L’ultraviolence semble s’être emparée de la jeunesse. Existe-t-il, selon vous, un lien entre les smartphones et cette ultraviolence ?
Ma réponse est oui. Nous vivons de moins en moins ensemble et de plus en plus côte à côte. Nous avons beaucoup de followers sur les réseaux sociaux, mais plus un seul ami. Il y a une telle possibilité d’avoir des relations, qu’il n’y a plus de relations.
L’époque des enfants avec un sac à dos dans la rue qui traînent et qui jouent au foot est terminée. Ce temps d’échange qu’il y avait autour de l’école était un moyen de s’opposer de manière ludique ou de converser sur la route, mais il n’existe plus. On est en train de détruire le lien social chez les enfants parce que l’école est formatée.
Quelles propositions faites-vous pour réguler les smartphones ?
La première, c’est déjà de faire la promotion de la santé, de dire qu’il n’y a pas d’interdiction, mais de sensibiliser les gens sur le temps qu’ils passent sur leur smartphone. À Brest, nous avons lancé l’opération « Posons nos smartphones ». Nous avons demandé aux gens de réduire d’une heure pendant une semaine leur temps sur leur téléphone.

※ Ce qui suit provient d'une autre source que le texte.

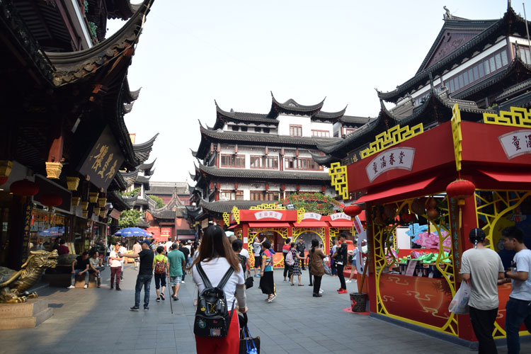Direction ensuite le vieux quartier de Shanghai. J’arrive dans le coin par Fang bang road. C’est une petite rue commerciale qui sonne déjà moins moderne que ce que j’ai pu voir de la ville jusqu’à maintenant. Plus j’avance, plus je commence à voir des maisons et des bâtiments traditionnels comme tu les imagines quand tu penses à la Chine.
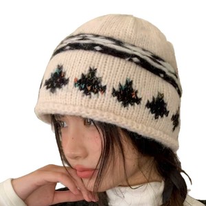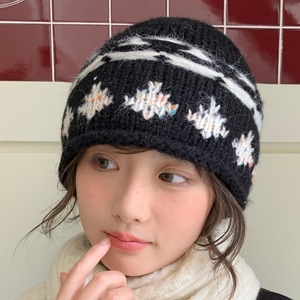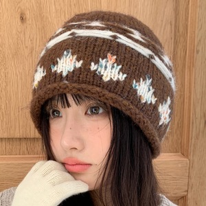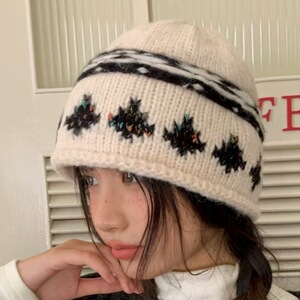 韩系复古提花针织包头帽女秋冬季显脸小卷边冷帽保暖护耳毛线帽子

Parmi les volontaires, 75 % ne sont pas parvenus à le faire. Ce qui veut dire qu’il est urgent d’intervenir. Deuxièmement, et c’est pour ça que nous pouvons être optimistes, il faut capitaliser sur les 25 % de gens qui y arrivent. Ces 25 % sont plus actifs au quotidien. Il ne faut pas donc pas faire de la prévention primaire, mais s’attaquer à la racine du mal qu’est le smartphone, et avec cette opération, je démontre que les 25 % des gens qui arrivent à réduire d’une heure leur temps d’utilisation de leur smartphone sont plus actifs et prennent plus soin de leur santé.
À la suite de « Posons nos smartphones », nous avons fait des publications en indiquant que cela ne coûte rien, que les gens peuvent être informés sur leur temps passé sur les écrans, qu’ils peuvent avoir des feedbacks etc. L’État et nos politiques devraient donc s’en inspirer. C’est sans prise de risque puisque nous avons déjà publié dessus.
Finalement, pour reprendre le slogan que j’ai créé, je dirais que le smartphone, c’est maximum trois heures par jour et pas tous les jours trois heures par jour parce qu’il est très difficile de passer moins de trois heures quotidiennement sur cet objet qui fait partie de notre vie.